Esme updated this revision to Diff 487248.Jan 8 2023, 5:24 PM
Esme edited the summary of this revision. (Show Details)

Addressed comments and verified the materialization results.
However, I can't find a proper instruction to turn 0xABCD ADDD ABCD ADDD into 0xABCD ABCD ABCD ADDD, ie. modify Lo16OfHi32 (bits 32...47), so I didn't handle the pattern like 0xABCD ABCD ABCD ADDD.

Esme added inline comments.Jan 8 2023, 5:35 PM
llvm/lib/Target/PowerPC/PPCISelDAGToDAG.cpp
1389

Sorry I didn't quite understand this comment.
Imm & 0xffffffff00000000 always takes more than 1 instruction because it is impossible to match the 1-instruction-pattern:

// 1-1) Patterns : {zeros}{15-bit valve}
//                 {ones}{15-bit valve}

// 1-2) Patterns : {zeros}{15-bit valve}{16 zeros}
//                 {ones}{15-bit valve}{16 zeros}

Addressed comments and verified the materialization results.
However, I can't find a proper instruction to turn 0xABCD ADDD ABCD ADDD into 0xABCD ABCD ABCD ADDD, ie. modify Lo16OfHi32 (bits 32...47), so I didn't handle the pattern like 0xABCD ABCD ABCD ADDD.

Thanks, the new selection seems correct. For pattern 0xABCD ABCD ABCD ADDD, yeah, I can not find a 4 instruction selection for it either.

llvm/lib/Target/PowerPC/PPCISelDAGToDAG.cpp
1389

I mean the new codes can be moved before line 1317 with some simple checks. For example if select Imm & 0xffffffff00000000 requires no less than 2 instructions and the lower 32 bit also requires 2 instructions, the new splat handling can be done first. Generating a 5 instruction pattern and then marking them as dead can be avoided even the new codes are hit.

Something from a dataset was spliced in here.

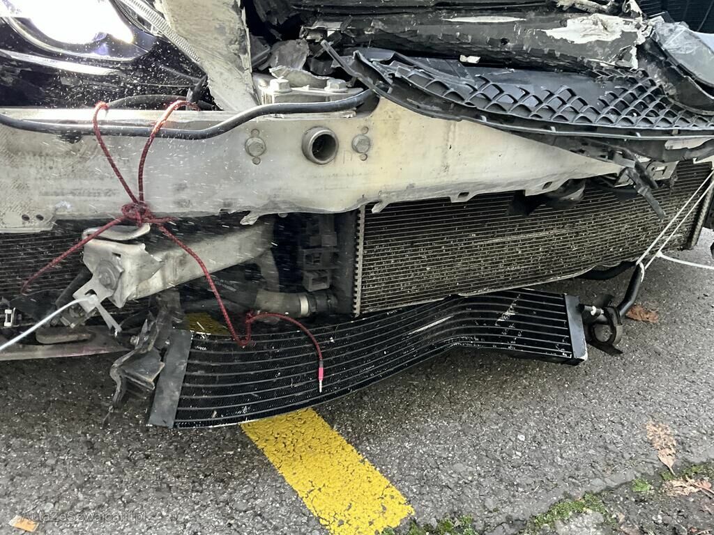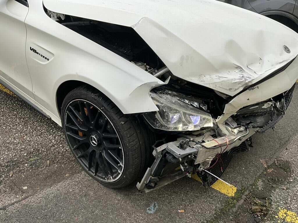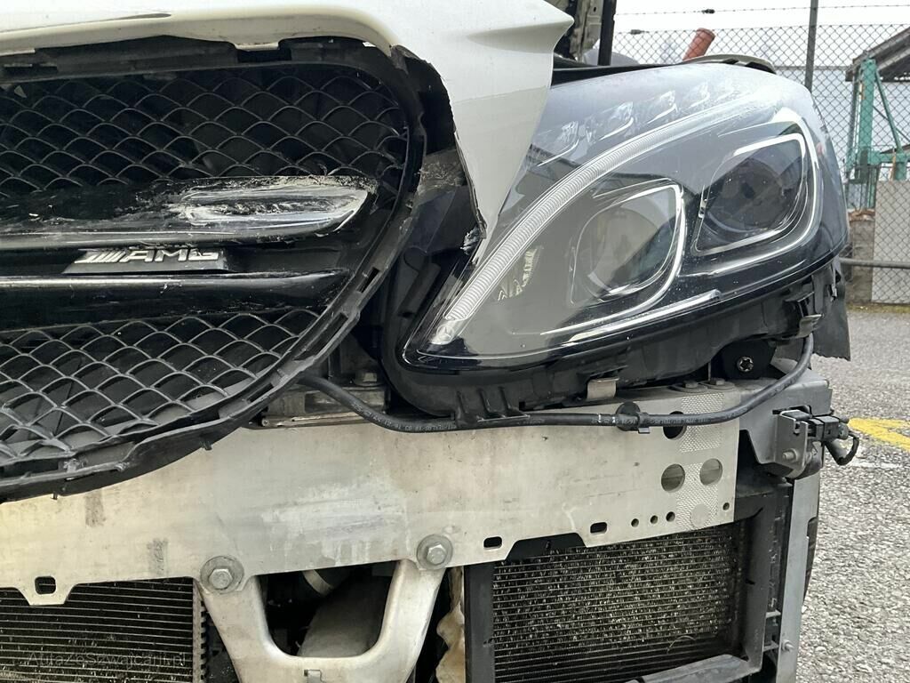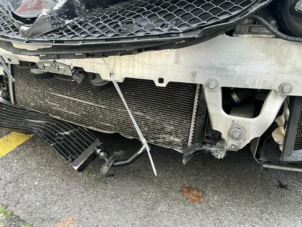 Pare chocs AV, calandre, phares AV, radiateur, condenseur, échangeur, ventilateur, masque AV, calandre, radar AV, jante AVD endommagés. Capot, aile AVD enfoncés. Train AVD plié.

Esme updated this revision to Diff 488268.Jan 11 2023, 9:54 AM

Addressed comments.

shchenz accepted this revision as: shchenz.Jan 11 2023, 11:56 PM

LGTM. Thanks for the improvement. Please wait for some days for other reviewers.

This revision is now accepted and ready to land.Jan 11 2023, 11:56 PM
This revision was landed with ongoing or failed builds.Jan 31 2023, 3:03 AM
This revision was automatically updated to reflect the committed changes.